Not to be drunks like you all?
No! Not to get caught, you idiot!
Well, like, I think it is so totally unfair. I didn't know it was, like, illegal to get a fu –, uh, a drink.
Jenna, you were in court for underage drinking just two weeks before!
That was for beer! I wasn't ordering a beer at Chuy's. Hello? It was a Margarita!
See? They tricked her! She was set up! It's the liberal media. They never reported all the times Chelsea Clinton got arrested!
Chelsea never was arrested.
Well, hell's bells, I don't even report the times I get arrested, I don't know why them liberal reporters got to stick their noses in private family matters.
George, they got citations. It's a matter of public record.
Well, it never would have been public if they had just listened to me! Honestly, girls. I've told you a million times. "Beer after liquor, never sicker – booze before press, what a mess!"
We have tried hard to set a good example. I mean, every day your mother and I come up with a new way to keep our natural love of refreshments away from the prying eyes of the liberal media.
Well, I'm just real concerned about this. After all, Jenna got arrested several years back for an alcohol related offense. We've got that "three strikes and you're out" rule.
Don't you worry about that, Janet! When I'm made Baseball Commissioner, I'll get rid of that rule for you!
Jenna's sister!
Me?
No.
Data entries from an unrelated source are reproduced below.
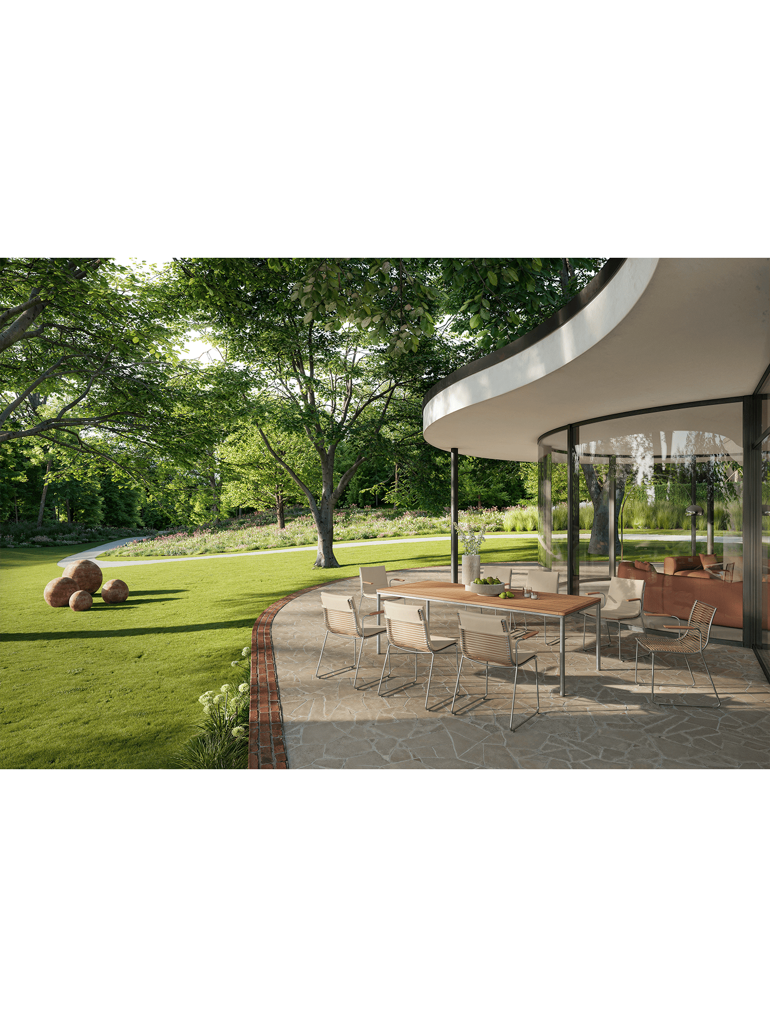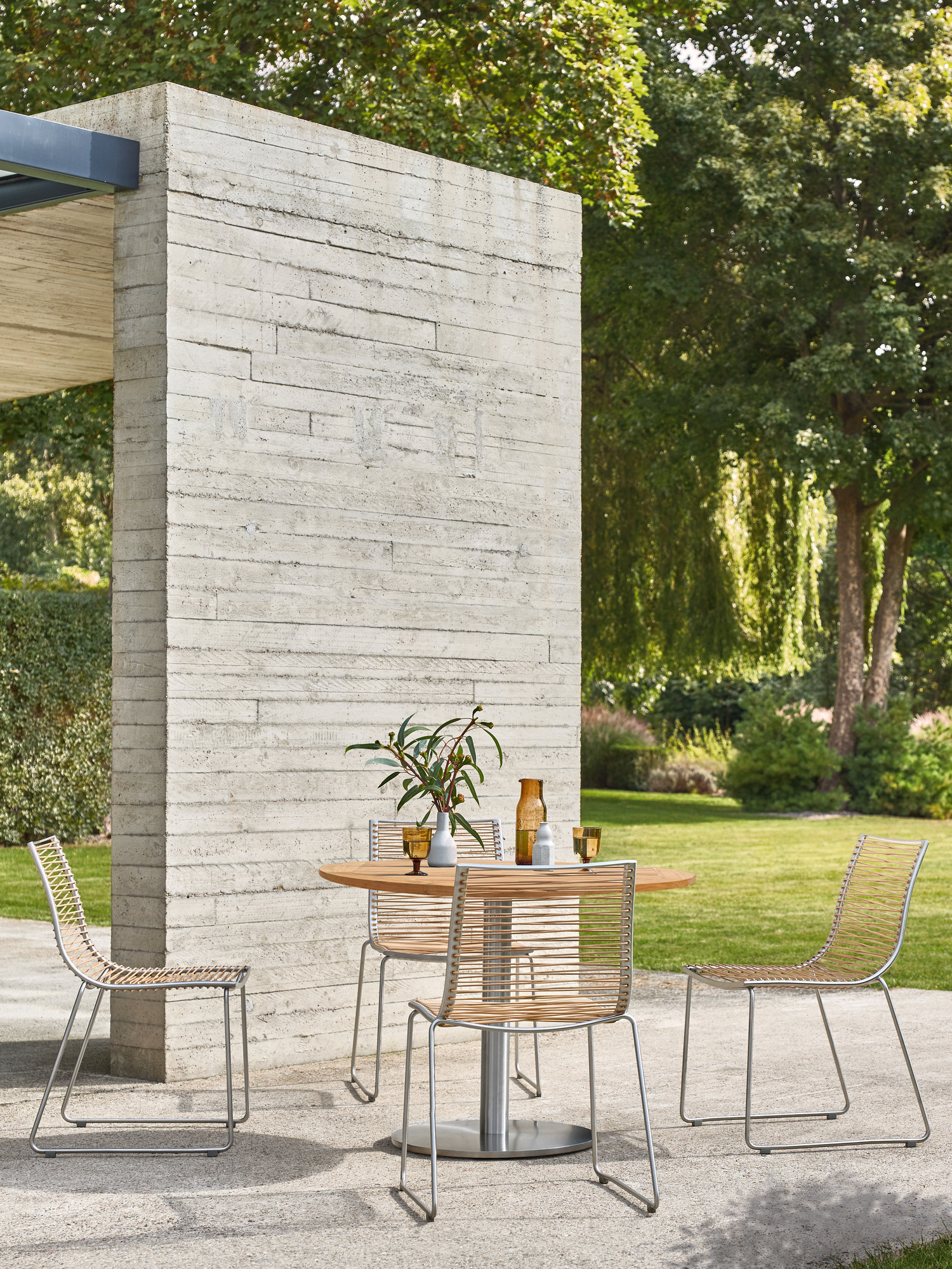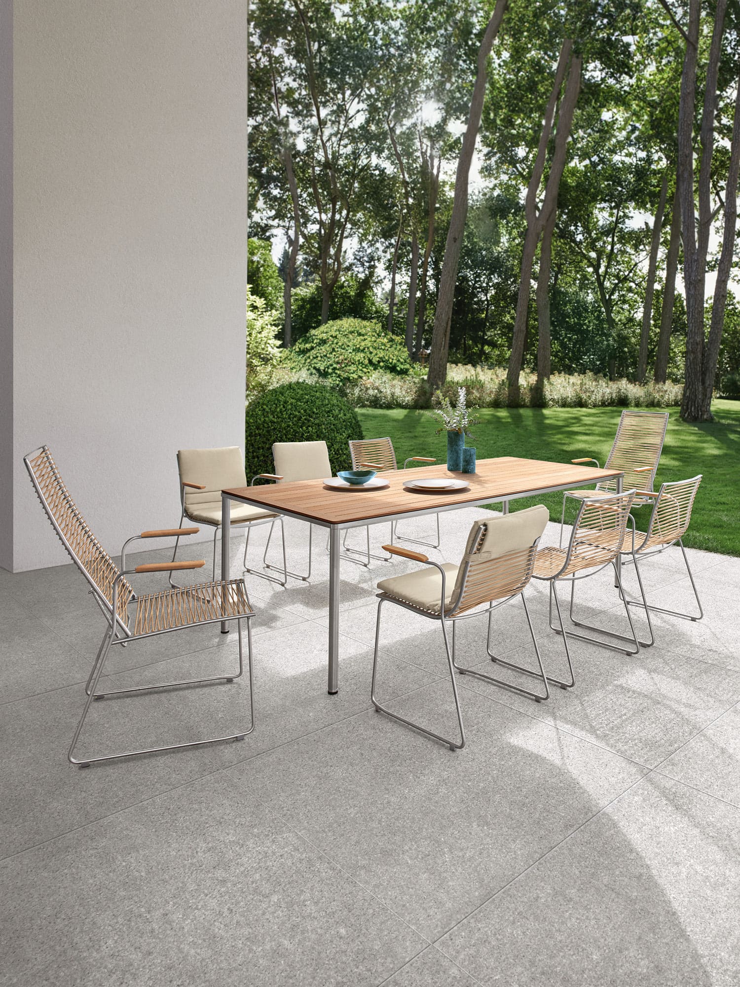 To complete the seating group, matching tables are available in different formats and with teak-slatted tops or tops of synthetic resin (HPL). Pan chairs, with their simple elegance, combine attractively also with other modern tables in our collection. For an overview of all matching tables, click on "Matching tables' further down on this page.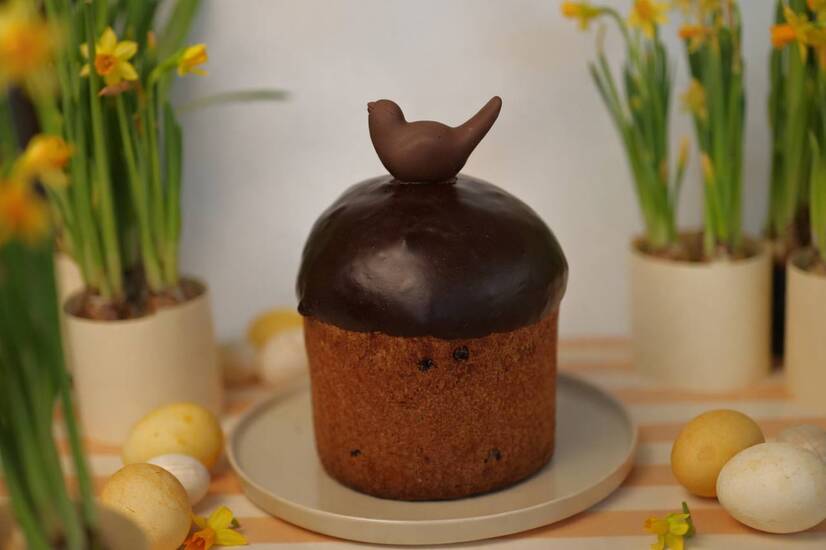 Пухка паска зі здобного тіста на основі яєць, борошна, дріжджів, масла, цукру та молока. Додаємо два вида родзинок та пряні цукати власного виробництва. Декоруємо шоколадною глазурʼю та шоколадною пташкою.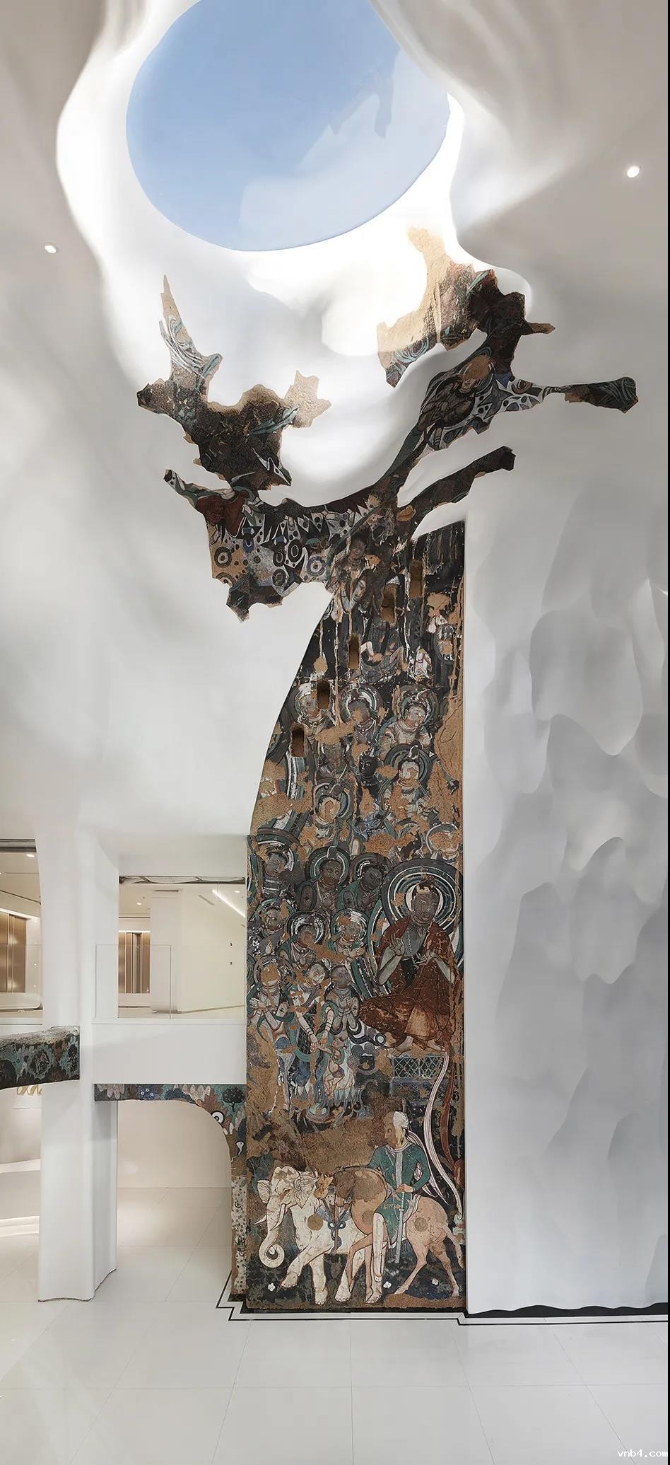 龟兹洞天位于美克洞學館主入口上方,作为建筑内部的采光井,以独具设计感的造型,将建筑顶部的自然光引入室内,成为“别有洞天”的最诗意诠释。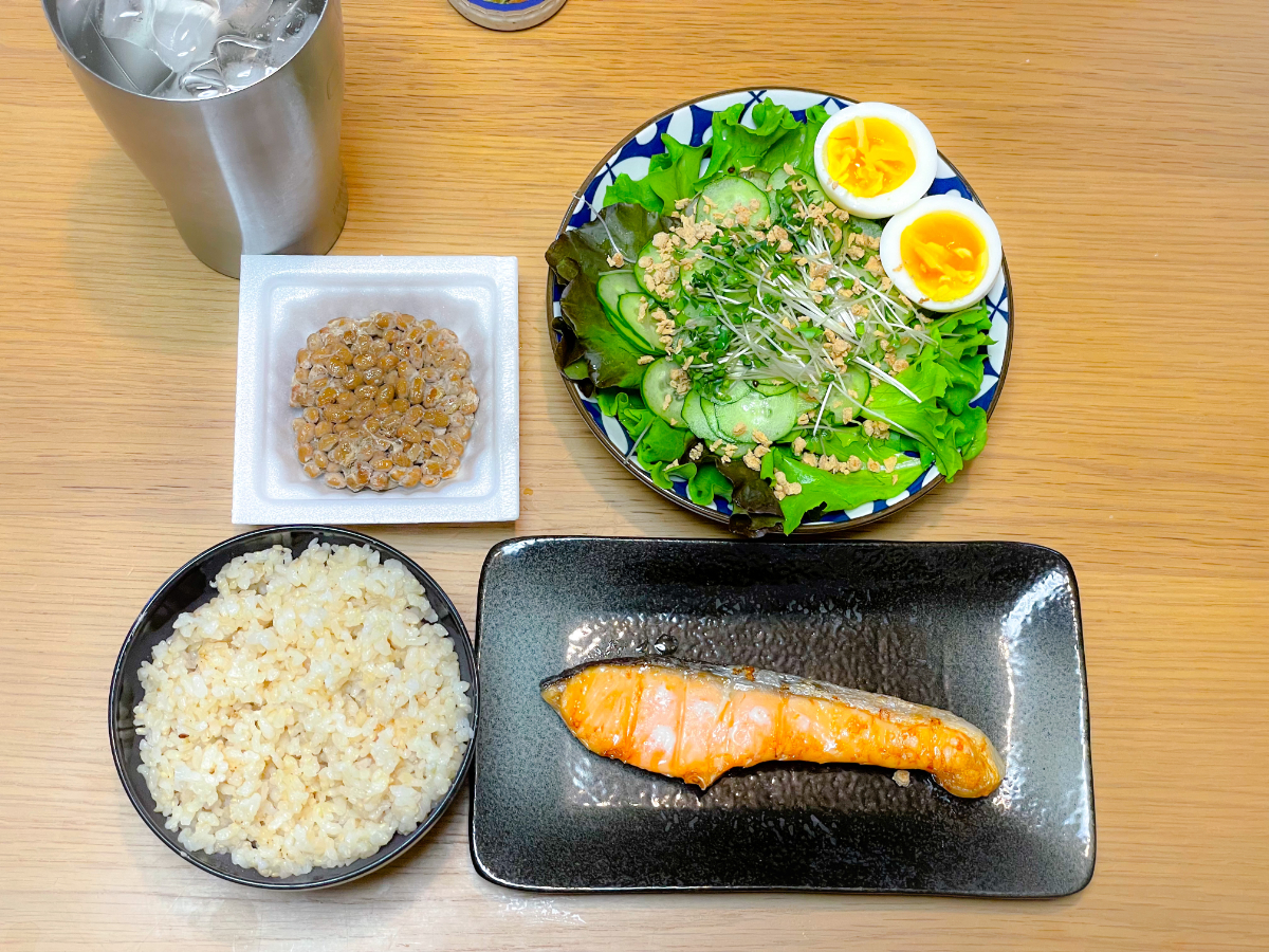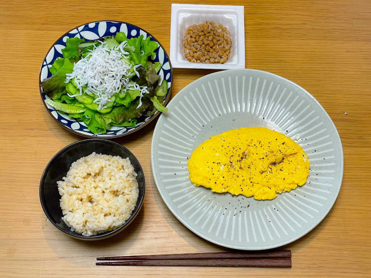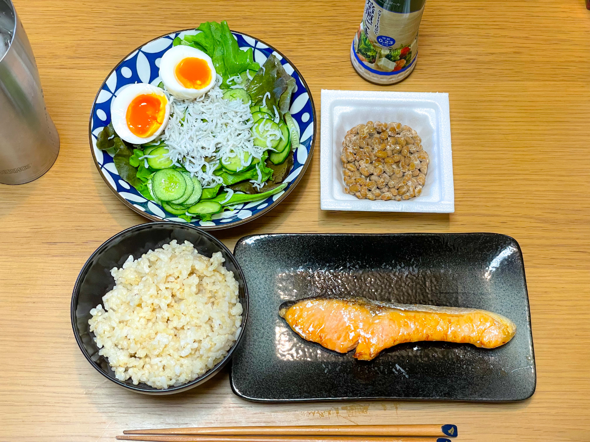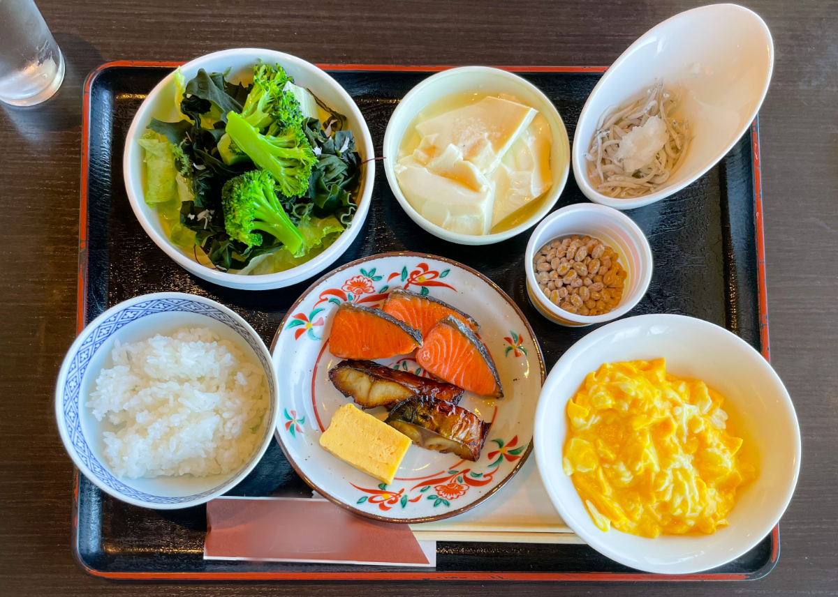 7:00 朝食バイキング(ご飯、スクランブルエッグ、ブロッコリーサラダ、鮭、鯖、卵焼き、豆腐、納豆、しらす)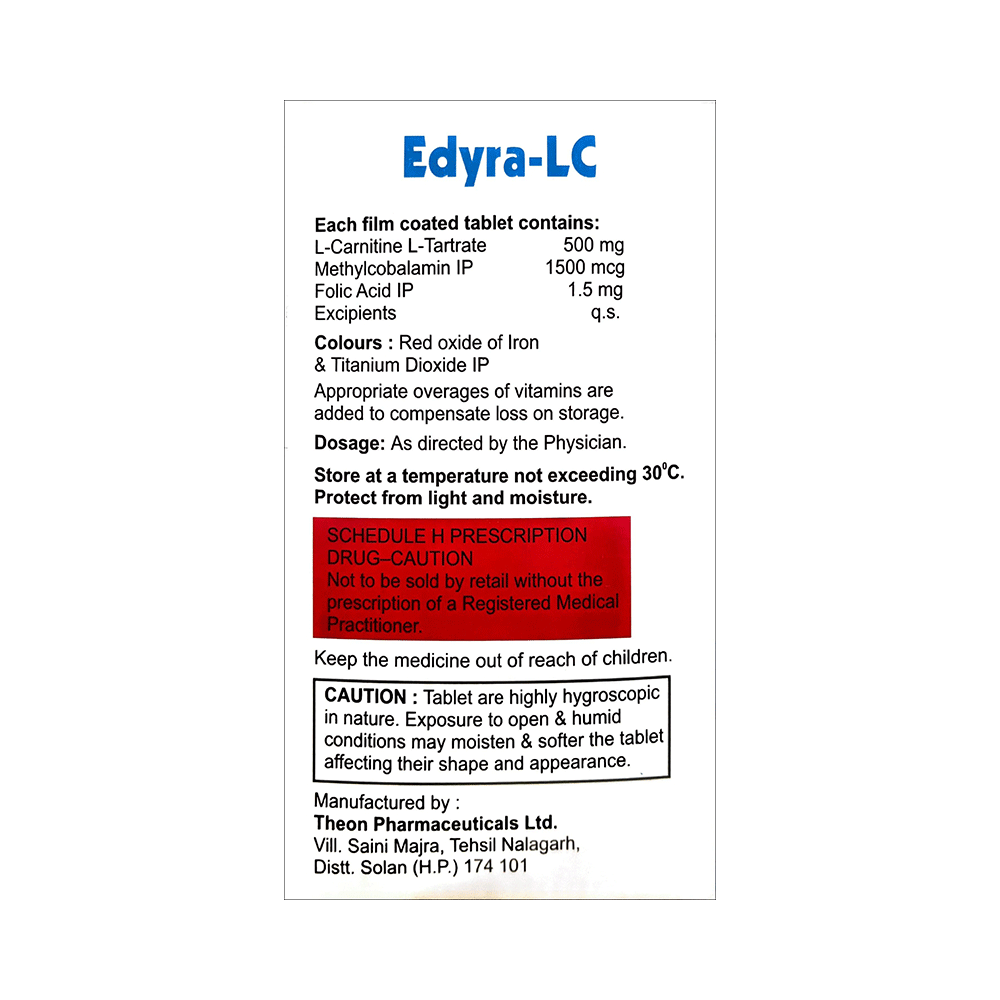 Edyra-LC Tablet is a combination of vitamin B9, B12, L-carnitine L-tartrate. Folic acid is essential for production of red blood cells. It prevents and treats folate deficiency and anemia. When taken by pregnant women, Folic acid prevents miscarriage, preterm labor, and neural tube defects in infants. Levo-carnitine L-tartrate helps turn the fats present in ingested food into energy. It decreases insulin resistance and oxidative stress and improves immune function. Methylcobalamin corrects vitamin B12 deficiency thereby helping in treating certain anemias and nerve problems.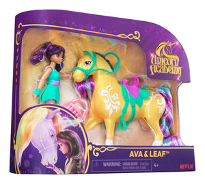 Live out the magical bond between rider & unicorn with 4.5" Ava & 5" Leaf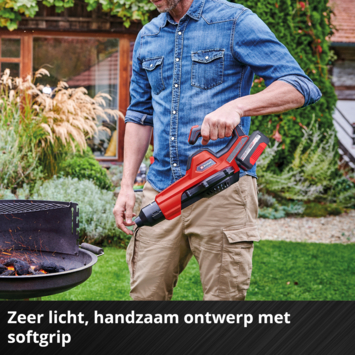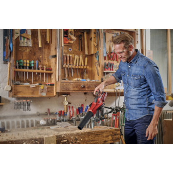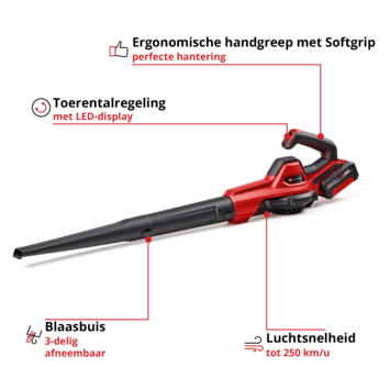 Breng orde in de tuin met de Einhell universele accu blazer GE-UB 18/250 Li E, die ultieme draadloze vrijheid biedt. Deze veelzijdige blazer maakt deel uit van de Power X-Change productlijn, waarbij je een 18 V accu kunt gebruiken die compatibel is met meer dan 200 machines van Einhell, of je nu in de tuin werkt of in de werkplaats. De meerdelige blaasbuis biedt veelzijdige toepassingen: gebruik de lange blaasbuis als bladblazer, de middelgrote buis als werkplaatsblazer en de korte precisieblaasbuis als barbecueaansteekhulp. Dankzij de elektronische toerentalregeling kun je de blaasprestatie naar behoefte aanpassen, terwijl de LED-indicator het ingestelde toerental in één oogopslag toont. De softgrip zorgt voor comfortabel gebruik en de geïntegreerde wandhouder maakt opslag eenvoudig. Voor de beste prestaties wordt een accu van 2,5 Ah of hoger aanbevolen. De Einhell GE-UB 18/250 Li E wordt geleverd met een 4.0 Ah accu en oplader, zodat je direct aan de slag kunt. Optimaliseer je werkzaamheden met deze krachtige en veelzijdige accu blazer.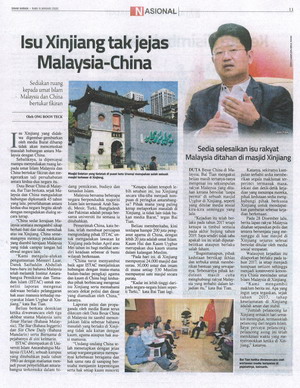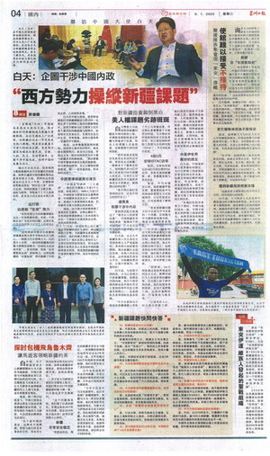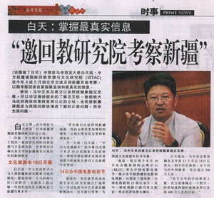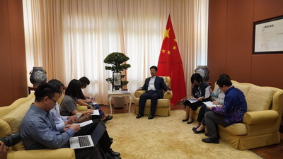 2020年1月6日,驻马来西亚大使白天接受马来西亚国家新闻社、中文报《星洲日报》、英文报《星报》和马来文报《阳光日报》联合采访,就新疆问题同记者们进行深入沟通和交流。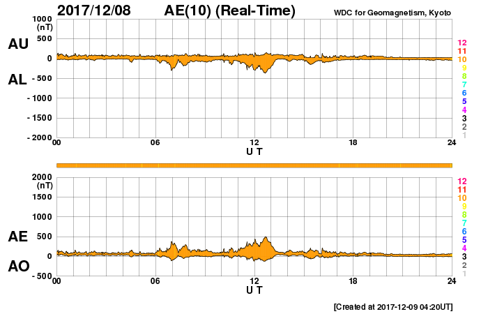 下段のAEグラフの値が高くなると、オーロラ活動が活発化しています。

I'm sorry. The other one.
Me?
Yes, you. What did you put in Mommy's drinkie-winkie?
You asked for coconut milk –
Not this much. It tastes like suntan lotion. There's no vodka in here. That's the problem! That's always the problem when one of you little hellions mixes mother a little refreshment!
You told her you use three-fingers.
Don't sass me. Both of you have very, very small fingers – and you keep them together! Don't think I don't watch.
Jenna, give me my driver's license back.
I told you it wouldn't work.
You were supposed to put your thumb over my face – not yours.